Страница 1 из 5
Стивен Кинг
Мораль
Едва переступив порог, Чад понял: что-то случилось. Нора была уже дома. Она работала с одиннадцати до пяти, шесть дней в неделю. Обычно он приходил из школы в четыре и успевал приготовить ужин к ее возвращению, часам к шести.
Она сидела на площадке пожарной лестницы, куда он выходил покурить, и держала в руках какие-то бумаги. Взглянув на холодильник, он увидел, что с него исчезла распечатка электронного письма, которую он прилепил туда магнитиком почти четыре месяца назад.

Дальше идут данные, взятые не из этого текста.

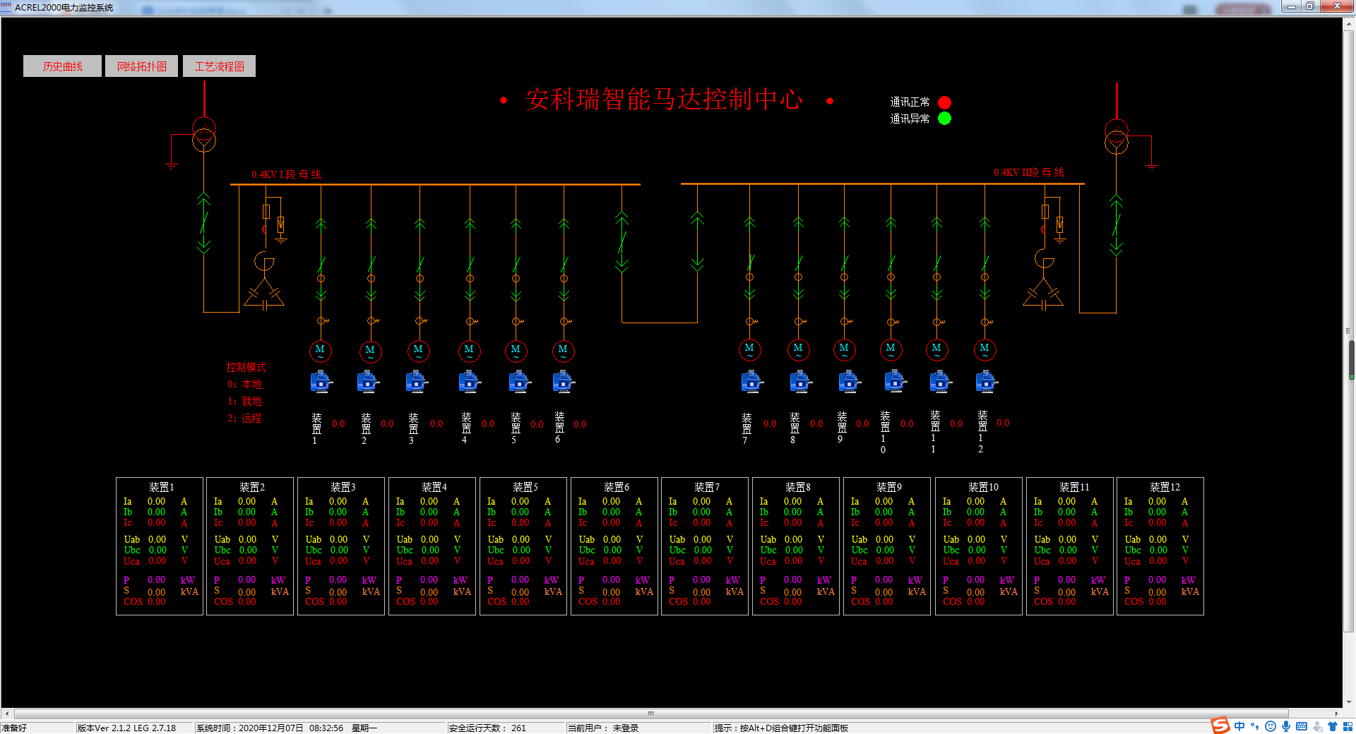以配電一次圖的形式直觀顯示電機的運行狀態(tài),實時監(jiān)測各電機、電壓、電流、功率、功率因數等電參數信息,動態(tài)監(jiān)視各電參量,有關故障、告警等信號。

— Эй! — позвала она. — Иди-ка сюда. — Она помедлила. — Если хочешь, можешь захватить свою отраву.
Он сократил норму до одной пачки в неделю, но жена все равно была против. И не только потому, что курить вредно, а в основном потому, что дорого. Ведь каждая сигарета — это на сорок центов дыма.
Он вылез наружу и сел рядом с ней. Она переоделась в джинсы и одну из своих старых блузок — значит, вернулась не только что. Его недоумение росло.
Некоторое время они молча смотрели на свой маленький кусочек города. Он поцеловал ее, и она ответила рассеянной улыбкой. Распечатка письма от его агента лежала у нее на коленях, а еще — папка с выведенной большими буквами надписью «КРАСНОЕ И ЧЕРНОЕ». Его шуточка, хотя смеяться было особенно нечему. В папке хранились их финансовые документы: счета за коммунальные услуги, отчеты о расходах по кредитным карточкам, страховые квитанции, — и в итоговых строках была сплошная краснота. Обычная история для сегодняшней Америки — не хватает, хоть тресни. Два года назад они стали поговаривать о ребенке. Теперь же все их разговоры сводились к тому, как бы вылезти из ямы и, может, слегка подкопить, чтобы уехать из города и чтобы при этом за ними по пятам не гналась толпа кредиторов. Перебраться на север, в Новую Англию. Но не сейчас. Здесь они, по крайней мере, хоть что-то зарабатывали.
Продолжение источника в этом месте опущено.